There is some kind of fallacy inherent in the arguments that immigrants are committing crimes but I don’t know if it is a recognized one or has a name.
It is a valid argument to say that immigrants commit crimes at lower rates than the population at large. The response is always that so and so would be alive today if we didn’t have immigrants and while true that seems fallacious considering the crime rate disparity. (I am not using Laken Riley as an example as her perpetrator had previous legal problems which makes that story a bit different.)
IMO that argument boils down to an argument that if we have more people we will have more crime - not necessarily at a higher rate but more in absolute numbers. And of course that is true.
Their argument makes no more sense than saying that we should get rid of people from Burlington because someone in Burlington went to Chapel Hill and committed a crime, a crime that would not have happened had we removed all the people from Burlington 100 miles a way.
Someone needs to develop that thought, maybe wrap it in a mathematical framework, and give it a name.
What do you mean by mathematical? Like arithmetic? I've done the arithmetic many times on the board. Suppose you live in an rea with a 5% homicide rate. That means every resident has a 5% chance of being murdered in a given year. Now suppose the population doubles, with the new entrants having a 1% homicide rate. Now the area has a 3% murder rate. Every resident has a 3% of being murdered. Literally everyone in town is safer, even though some of the new entrants have committed murders. The general formula is extremely simple. I'm not going to try to write it because formatting is a pain but it's Algebra I level if that.
I don't know if the fallacy has a name. I suspect it does. I don't always learn the names of fallacies as I think it's just easier to point out illogic. But I can think of two ways of characterizing it:
1. "But for" fallacy. When a migrant kills an American, the migration is a "but for" cause -- i.e. if the migrant wasn't here, he couldn't have committed the crime. But so many other things have the same causal status. If the victim had been at home instead of out partying (or vice versa, depending on where the killing occurs), s/he would be alive. If the perp wasn't able to buy a cheap used car, s/he wouldn't have wheels and it's hard to be a killer riding the bus. Maybe the perp was angry at being dumped by a former romantic interest. Maybe the perp had been playing football and suffers from CTE, etc.

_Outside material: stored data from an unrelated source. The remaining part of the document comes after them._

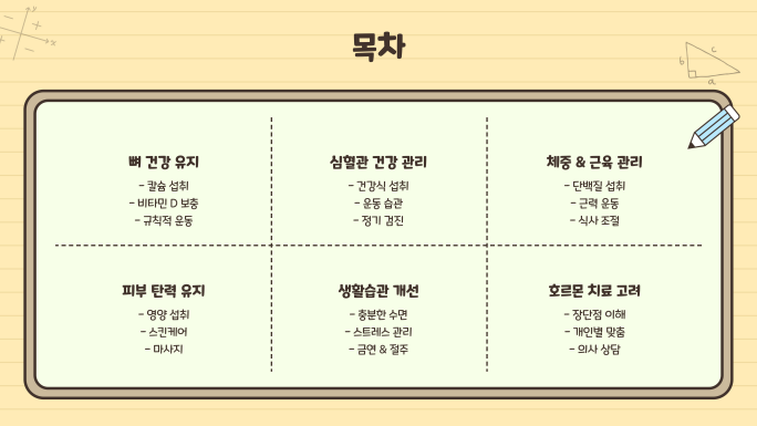 ✔ 뼈 건강 & 심혈관 관리 → 칼슘, 비타민D, 오메가3 섭취 & 운동 필수
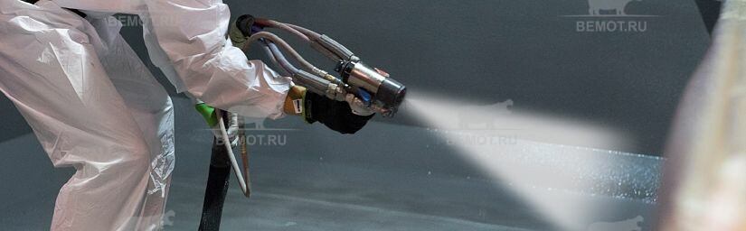 Далее можно приступать к напылению материала. Наиболее часто используемым способом нанесения полимера, который применяется в 95% случаев, является напыление с помощью специального оборудования. Операция проводится в несколько этапов:
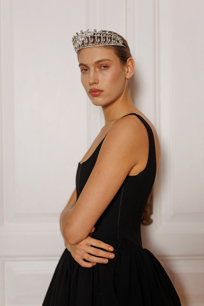 Под заказПлатье Koko – маленькое чёрное платье в духе Chanel, но в более смелом, коктейльном прочтении. В нём сочетаются наивная женственность и архитектурность силуэта.

If any of those factors in the causal chain had been different, the victim would still be alive. But nobody calls for surcharges on used cars, or preventing people from dumping their partners, or banning football, right? It's illegal immigration that caused it, even though the immigration is very far back in the causal chain. Lots of things had to happen between then and now for the killing to happen.
Maybe we can call this the "fallacy of excess causation." Any analysis that relies on "but for" causation will quickly find that everything is a cause of social ills. Thus does everything become a cause and the whole concept of cause loses meaning. The law mostly uses a concept of "proximate causation" which is sort of a cop-out but at least tries to find a way to distinguish who should be held responsible for an action from those who don't deserve it. And one principle is "intervening criminal act," which is to say that we hold the criminal responsible, and anyone who helps the criminal after the fact, but we don't go after the people who acted (even wrongly) prior to the criminal act -- unless the action was specifically designed to aid the crime (i.e. obtaining an illegal gun) or was an obvious result of the action (here, think of the movie Seven and the way John Doe carried out his crime of lust).
2. Another way to think of it is a fallacy of visibility, if that's a thing. Go back to the arithmetic above. Everyone is safer in the town because of the new entrants -- but nobody sees it because you can't see a thing that doesn't happen. Some % of the crimes that would have been committed against an old resident are now being directed at the new entrants, meaning that the original residents should be thankful that someone else was the target of the killer . . . but of course they can't see that. They don't know that they would have been targeted if the new entrant wasn't here. It's arithmetically required, but we don't know who was "saved" by not being targeted.
It's the way people don't see harm prevented, because you have to look closely to see it. This is what RBG famously described, in her Shelby County dissent, as "throwing away the umbrella in a rainstorm because you're not getting wet."
Maybe we should coin a phrase and call it the umbrella fallacy. It's a bad idea to close your umbrella in a rainstorm even if you're not getting wet.